Ground water may contain some natural impurities or contaminants, even with no human activity or pollution. Natural contaminants can come from many conditions in the watershed or in the ground. Water moving through underground rocks and soils may pick up magnesium, calcium and chlorides. Some ground water naturally contains dissolved elements such as arsenic, boron, selenium, or radon, a gas formed by the natural breakdown of radioactive uranium in soil. Whether these natural contaminants are health problems depends on the amount of the substance present.

The biggest concern for nitrates come if there is a pregnant woman in the residence, or plans for children in the near future. Regular testing for nitrate is also a good indicator of surface water contamination and potential bacterial contamination of well water. High nitrate is often an indicator of a nearby septic system.
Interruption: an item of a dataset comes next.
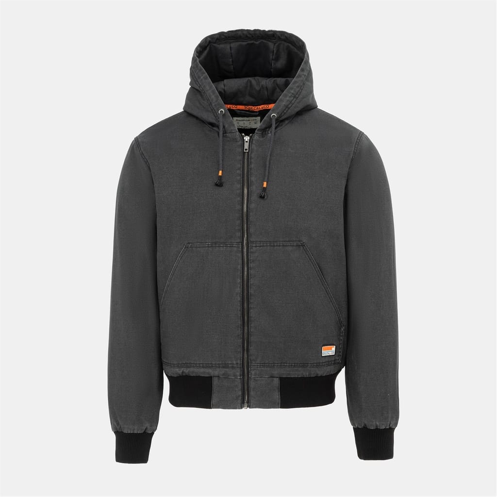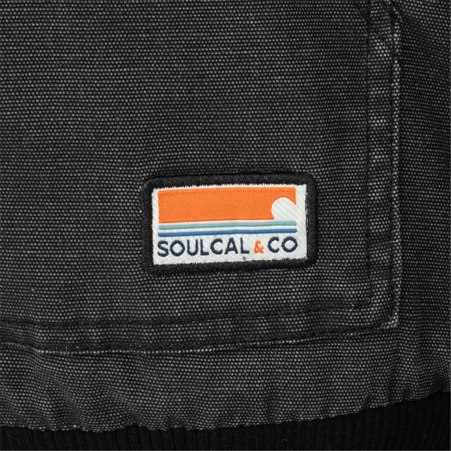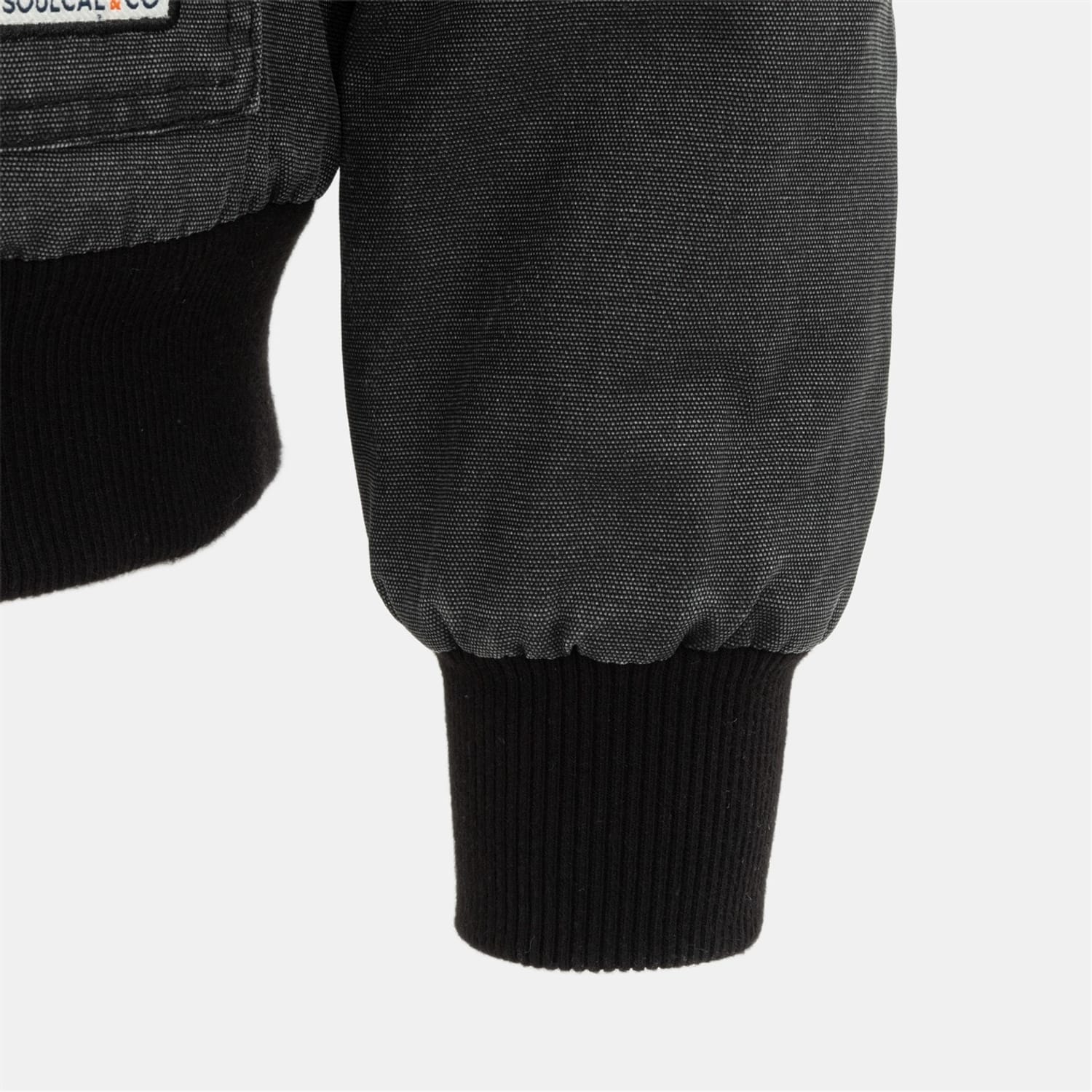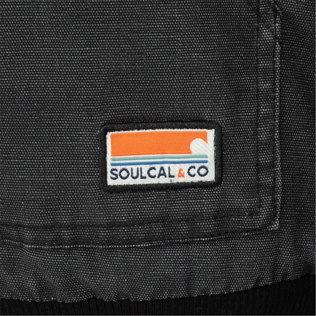 The Soulcal bomber jacket features a short length and a hooded neckline, offering a stylish and practical design. It includes a zipper closure and a regular fit, ensuring comfort and ease of wear. The jacket is adorned with a logo embellishment, adding a touch of brand identity. The solid pattern is complemented by ribbed cuffs and hem, providing a classic finish. -

Nitrates at a basic level are pollutants are found in human and animal wastes. Septic tanks can cause bacterial and nitrate pollution. So can large numbers of farm animals. Both septic systems and animal manures must be carefully managed to prevent pollution. Sanitary landfills and garbage dumps are also sources. Children and some adults are at extra risk when exposed to water-born bacteria. These include the elderly and people whose immune systems are weak due to AIDS or treatments for cancer. Fertilizers can add to nitrate problems. Nitrates cause a health threat in very young infants called “blue baby” syndrome. This condition disrupts oxygen flow in the blood.

The natural nitrate content of most ground water sources is below 0.1 mg/L, although a few natural sources have been found to contain as much as 3 mg/L. However, it is extremely rare for ground water to contain more than 10 mg/L, the drinking water standard set by EPA for nitrate-nitrogen. So regular approved testing for nitrates in well water is recommended.